# South Western Ohio, Unexpected litter. 3 males, 2 females still need homes



## Rattie4life (Jan 13, 2012)

From left to right: Random pictures I put in a collage; the whole litter; the males; the PEWs (male and female); the hooded (male and female)


----------



## giggles_mcbug (Sep 10, 2011)

When will they be ready?


----------



## Rattie4life (Jan 13, 2012)

They are a week old today.
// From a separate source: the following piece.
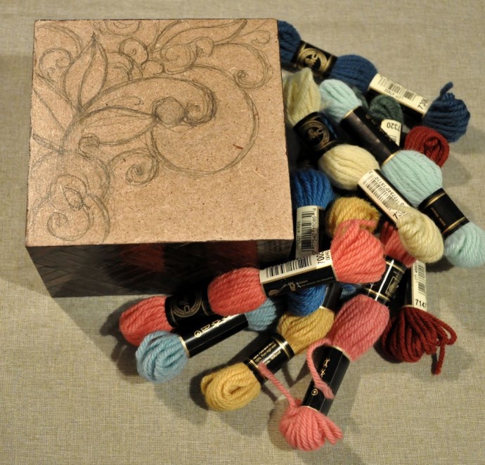 Сегодня мы декорируем крышку шкатулки — создаём орнаменты из нитей.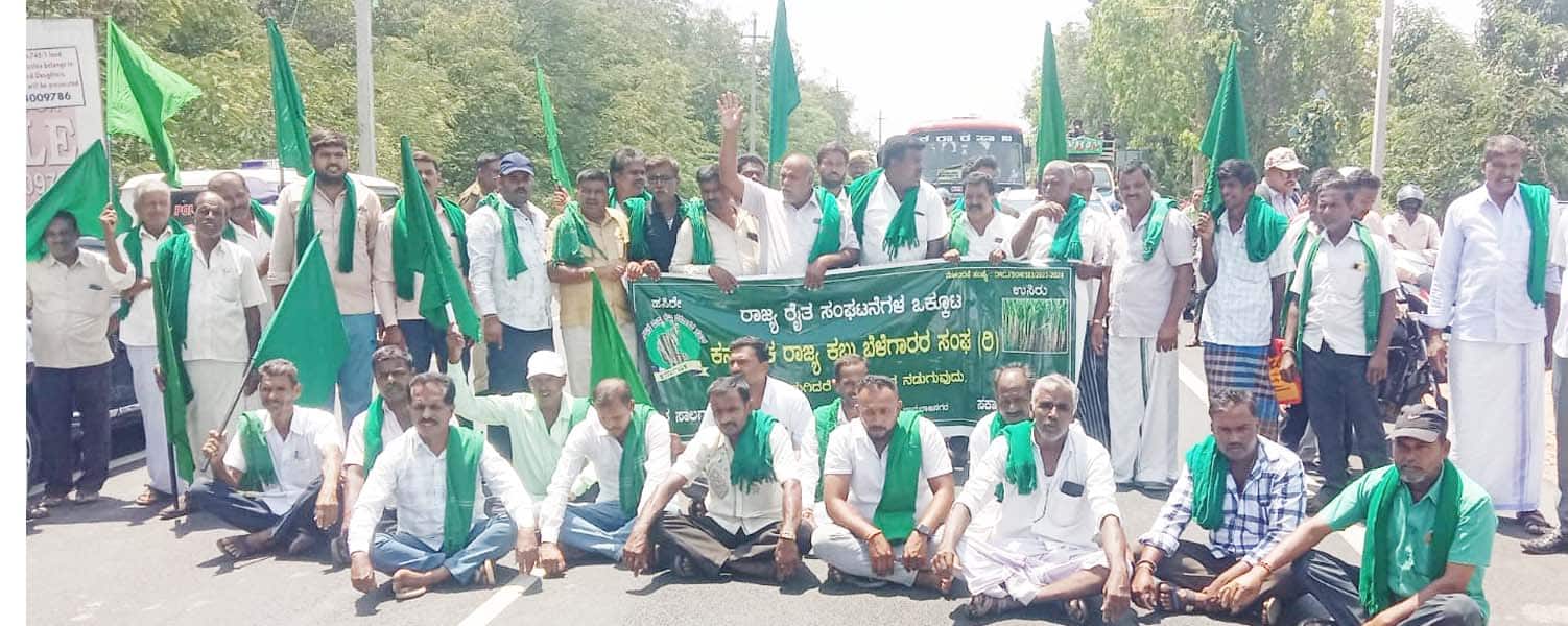 - ಕಬ್ಬು ಬೆಳೆಗಾರರ ಸಂಘದ ವತಿಯಿಂದ ಹೆದ್ದಾರಿ ತಡೆದು ಪ್ರತಿಭಟನೆ । ರಾಜ್ಯದ ಕಾಂಗ್ರೆಸ್ ಸರ್ಕಾರದ ವಿರುದ್ಧ ರೈತ ಮುಖಂಡರ ಆಕ್ರೋಶ---

I am not an expert on anything rat but they have been held and are being socialized. I think they are ready at 6 weeks? Maybe 5 right? As long as they males and females are separated at 72 days.


----------



## HeyItsMeg (Jan 14, 2012)

I am interested in a male when they are ready.


----------



## Rattie4life (Jan 13, 2012)

HeyItsMeg said:


> I am interested in a male when they are ready.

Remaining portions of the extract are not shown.